◆ TASK TO CARRY OUT ◆
Return every line of the data below exactly, but do not include the images.

◆ GIVEN INFORMATION ◆
◇ ◇ ◇ ◇
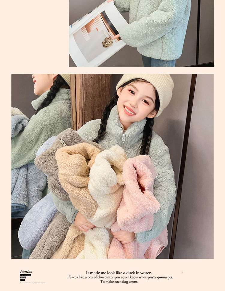 U 어린이 가을과 겨울 벨벳 코트 롱 벨벳 코랄 벨벳 소년 소녀를위한 탑스토어 가기
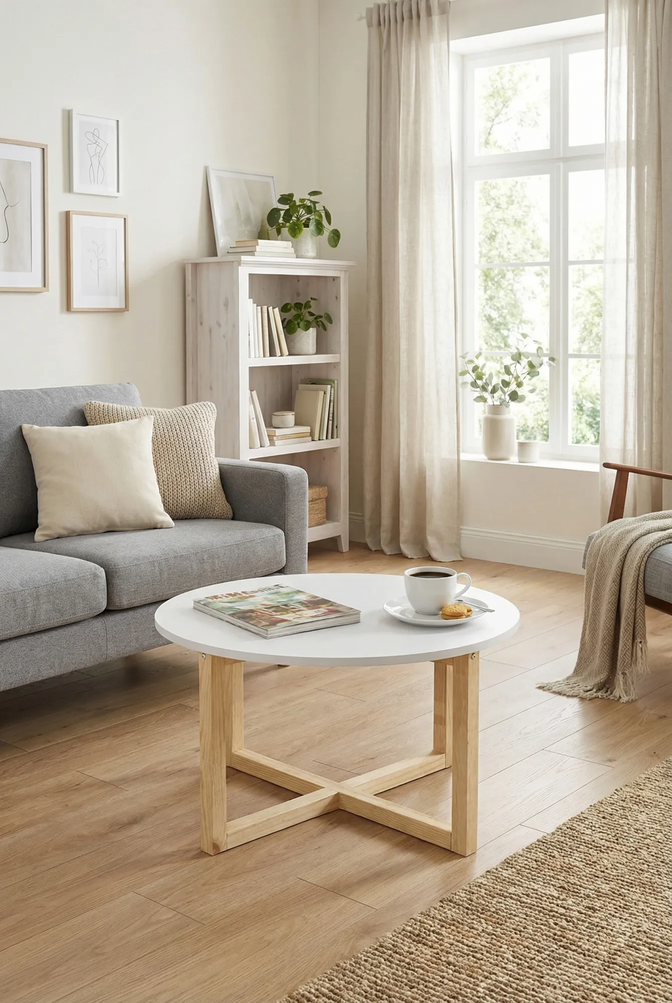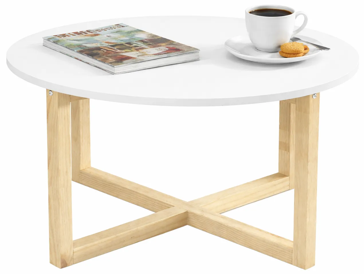 Stolik jest bardzo ładny i praktyczny — jego okrągły kształt dodaje przytulności wnętrzu, a odpowiednia wysokość sprawia, że świetnie pasuje przy kanapie czy fotelu. Stabilna konstrukcja i estetyczne wykonanie to duży plus.
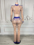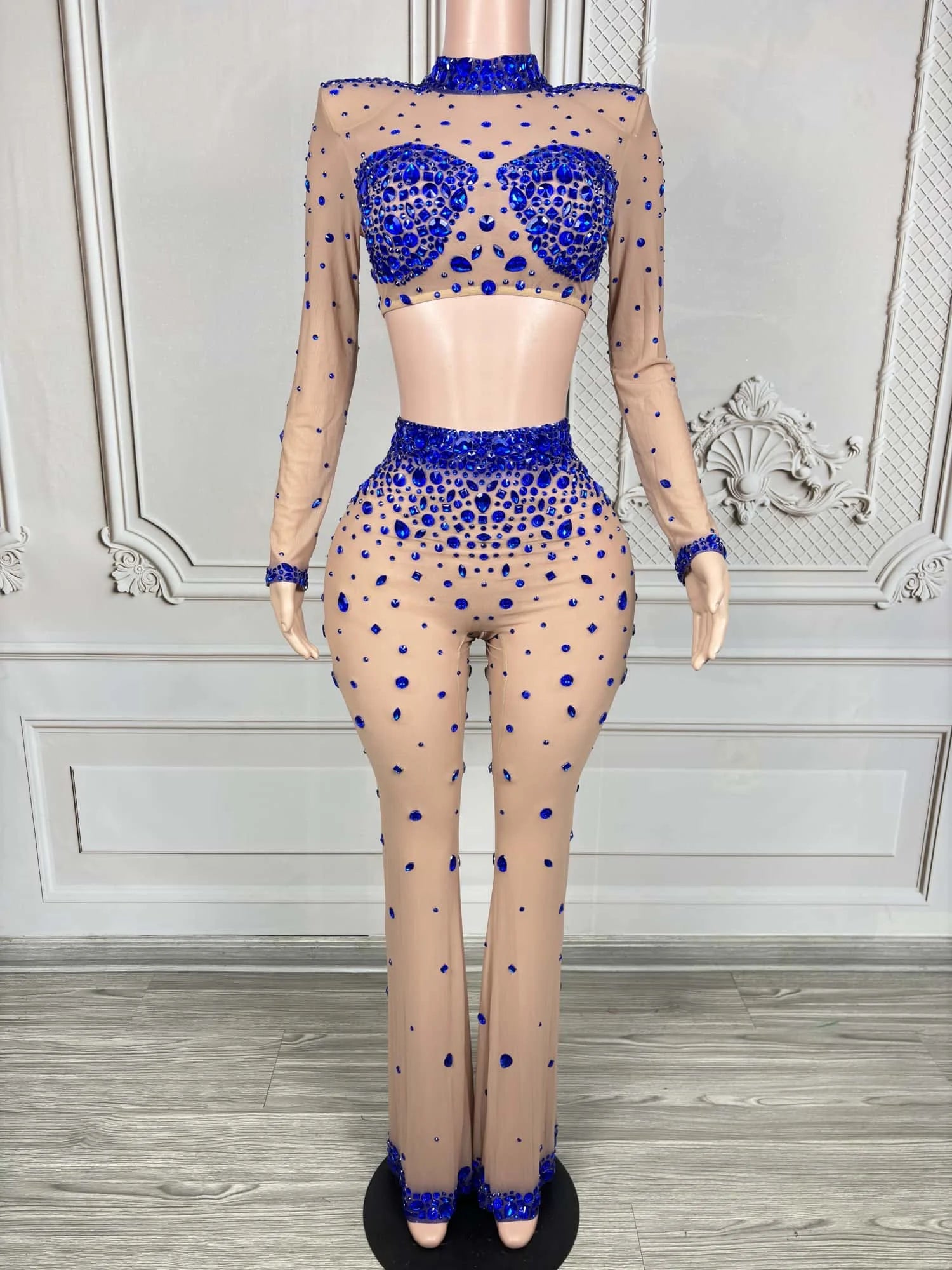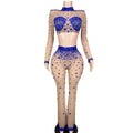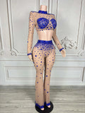 Women Sparkly Blue Rhinestone Mesh Two Pieces Pants Set Evening Celebrate Birthday Party Nightclub Photoshoot Costume
◇ ◇ ◇ ◇
◆ ANSWER TO THE EXERCISE ◆
 U 어린이 가을과 겨울 벨벳 코트 롱 벨벳 코랄 벨벳 소년 소녀를위한 탑스토어 가기
 Stolik jest bardzo ładny i praktyczny — jego okrągły kształt dodaje przytulności wnętrzu, a odpowiednia wysokość sprawia, że świetnie pasuje przy kanapie czy fotelu. Stabilna konstrukcja i estetyczne wykonanie to duży plus.
 Women Sparkly Blue Rhinestone Mesh Two Pieces Pants Set Evening Celebrate Birthday Party Nightclub Photoshoot Costume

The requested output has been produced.